__Dataset extract__
== Segment start ==

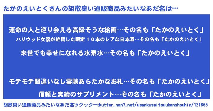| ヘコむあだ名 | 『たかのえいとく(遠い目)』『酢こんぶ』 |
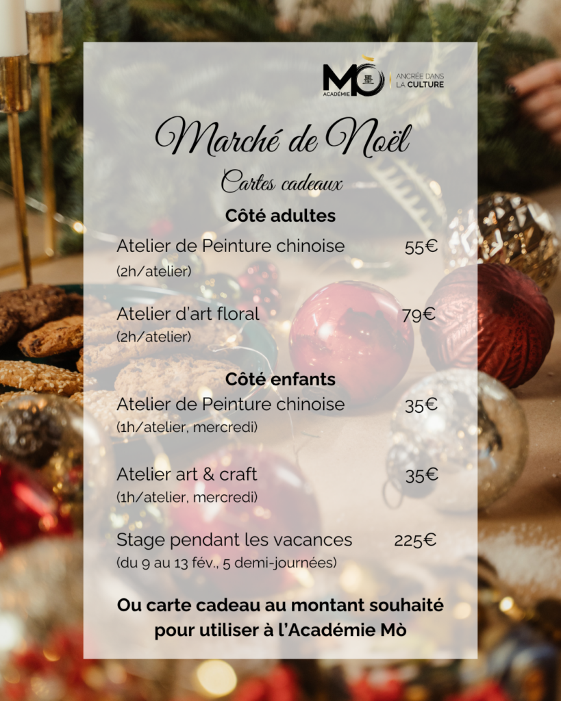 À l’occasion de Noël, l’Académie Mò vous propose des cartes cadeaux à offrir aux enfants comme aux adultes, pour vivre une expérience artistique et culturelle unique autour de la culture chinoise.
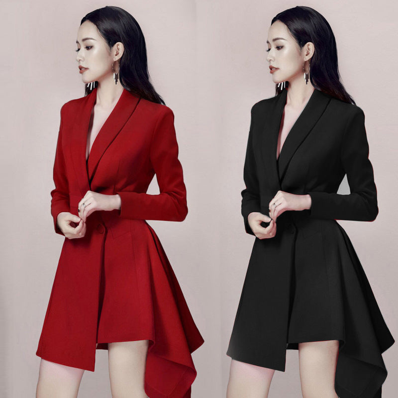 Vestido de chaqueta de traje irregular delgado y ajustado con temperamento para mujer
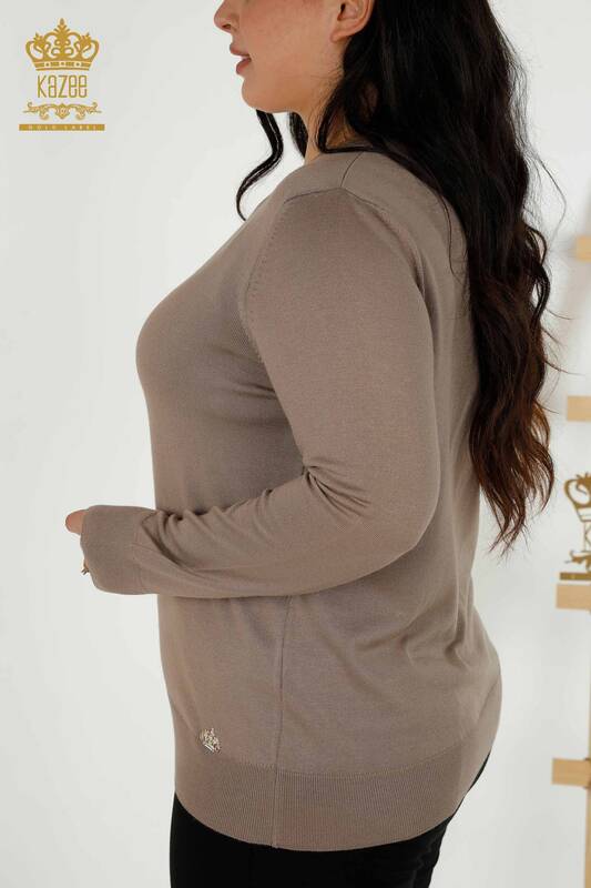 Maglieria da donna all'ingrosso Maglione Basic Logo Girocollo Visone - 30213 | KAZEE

== Segment end ==

__The problem__
Give back the full listing above word for word, and let no picture through.

__Output for this exercise__
| ヘコむあだ名 | 『たかのえいとく(遠い目)』『酢こんぶ』 |
 À l’occasion de Noël, l’Académie Mò vous propose des cartes cadeaux à offrir aux enfants comme aux adultes, pour vivre une expérience artistique et culturelle unique autour de la culture chinoise.
 Vestido de chaqueta de traje irregular delgado y ajustado con temperamento para mujer
 Maglieria da donna all'ingrosso Maglione Basic Logo Girocollo Visone - 30213 | KAZEE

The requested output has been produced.